PROBLEM DESCRIPTION → Please take the records that follow and repeat exactly the lines starting with the line with "The Jim Thompson House, Bangkok, Thailand." and going on through the line with "FIRE BUCKET & STAND".

DATA EXTRACT →

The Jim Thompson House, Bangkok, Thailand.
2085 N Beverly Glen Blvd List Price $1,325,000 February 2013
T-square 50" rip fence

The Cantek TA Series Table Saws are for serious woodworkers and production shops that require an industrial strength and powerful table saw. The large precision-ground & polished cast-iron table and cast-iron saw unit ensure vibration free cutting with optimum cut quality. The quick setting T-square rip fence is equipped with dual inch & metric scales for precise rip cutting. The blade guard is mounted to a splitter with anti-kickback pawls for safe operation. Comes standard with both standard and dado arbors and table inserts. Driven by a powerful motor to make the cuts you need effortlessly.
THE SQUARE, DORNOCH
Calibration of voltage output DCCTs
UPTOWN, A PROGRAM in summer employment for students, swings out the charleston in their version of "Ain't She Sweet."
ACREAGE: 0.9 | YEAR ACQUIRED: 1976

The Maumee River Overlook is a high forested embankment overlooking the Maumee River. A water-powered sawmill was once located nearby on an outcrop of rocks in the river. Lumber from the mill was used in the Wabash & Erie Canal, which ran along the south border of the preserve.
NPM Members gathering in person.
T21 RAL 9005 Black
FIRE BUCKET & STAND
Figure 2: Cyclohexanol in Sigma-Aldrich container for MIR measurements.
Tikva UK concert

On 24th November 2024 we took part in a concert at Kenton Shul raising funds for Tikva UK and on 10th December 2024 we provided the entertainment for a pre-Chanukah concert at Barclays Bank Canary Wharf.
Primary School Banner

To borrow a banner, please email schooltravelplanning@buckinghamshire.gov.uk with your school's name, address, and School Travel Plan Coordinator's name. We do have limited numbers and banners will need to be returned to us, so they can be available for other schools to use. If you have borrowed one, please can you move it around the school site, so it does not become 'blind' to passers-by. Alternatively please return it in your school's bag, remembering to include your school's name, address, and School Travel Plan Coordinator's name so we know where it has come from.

--

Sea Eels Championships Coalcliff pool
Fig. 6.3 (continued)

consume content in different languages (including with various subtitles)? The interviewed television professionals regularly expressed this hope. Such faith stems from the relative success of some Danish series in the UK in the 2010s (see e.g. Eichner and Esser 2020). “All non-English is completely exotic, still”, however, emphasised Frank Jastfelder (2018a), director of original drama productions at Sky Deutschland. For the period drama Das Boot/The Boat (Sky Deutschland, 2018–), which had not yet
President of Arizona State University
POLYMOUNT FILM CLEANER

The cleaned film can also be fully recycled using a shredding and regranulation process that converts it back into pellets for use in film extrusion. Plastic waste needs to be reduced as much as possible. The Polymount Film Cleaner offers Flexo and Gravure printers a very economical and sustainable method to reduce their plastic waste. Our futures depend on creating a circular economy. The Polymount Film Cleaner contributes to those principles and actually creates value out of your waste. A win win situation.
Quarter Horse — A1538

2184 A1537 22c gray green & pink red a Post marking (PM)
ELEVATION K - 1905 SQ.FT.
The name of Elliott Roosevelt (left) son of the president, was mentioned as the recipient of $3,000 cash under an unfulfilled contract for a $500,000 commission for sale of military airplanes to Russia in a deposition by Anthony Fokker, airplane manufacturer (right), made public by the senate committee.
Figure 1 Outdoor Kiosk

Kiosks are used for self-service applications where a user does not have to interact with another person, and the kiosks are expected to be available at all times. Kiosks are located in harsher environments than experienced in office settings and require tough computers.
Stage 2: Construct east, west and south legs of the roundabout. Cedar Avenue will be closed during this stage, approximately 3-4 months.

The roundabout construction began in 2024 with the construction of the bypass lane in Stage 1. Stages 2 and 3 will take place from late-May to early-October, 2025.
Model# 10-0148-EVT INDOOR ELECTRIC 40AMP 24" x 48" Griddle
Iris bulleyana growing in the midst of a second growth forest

COMPLETED EXERCISE →
The Jim Thompson House, Bangkok, Thailand.
2085 N Beverly Glen Blvd List Price $1,325,000 February 2013
T-square 50" rip fence

The Cantek TA Series Table Saws are for serious woodworkers and production shops that require an industrial strength and powerful table saw. The large precision-ground & polished cast-iron table and cast-iron saw unit ensure vibration free cutting with optimum cut quality. The quick setting T-square rip fence is equipped with dual inch & metric scales for precise rip cutting. The blade guard is mounted to a splitter with anti-kickback pawls for safe operation. Comes standard with both standard and dado arbors and table inserts. Driven by a powerful motor to make the cuts you need effortlessly.
THE SQUARE, DORNOCH
Calibration of voltage output DCCTs
UPTOWN, A PROGRAM in summer employment for students, swings out the charleston in their version of "Ain't She Sweet."
ACREAGE: 0.9 | YEAR ACQUIRED: 1976

The Maumee River Overlook is a high forested embankment overlooking the Maumee River. A water-powered sawmill was once located nearby on an outcrop of rocks in the river. Lumber from the mill was used in the Wabash & Erie Canal, which ran along the south border of the preserve.
NPM Members gathering in person.
T21 RAL 9005 Black
FIRE BUCKET & STAND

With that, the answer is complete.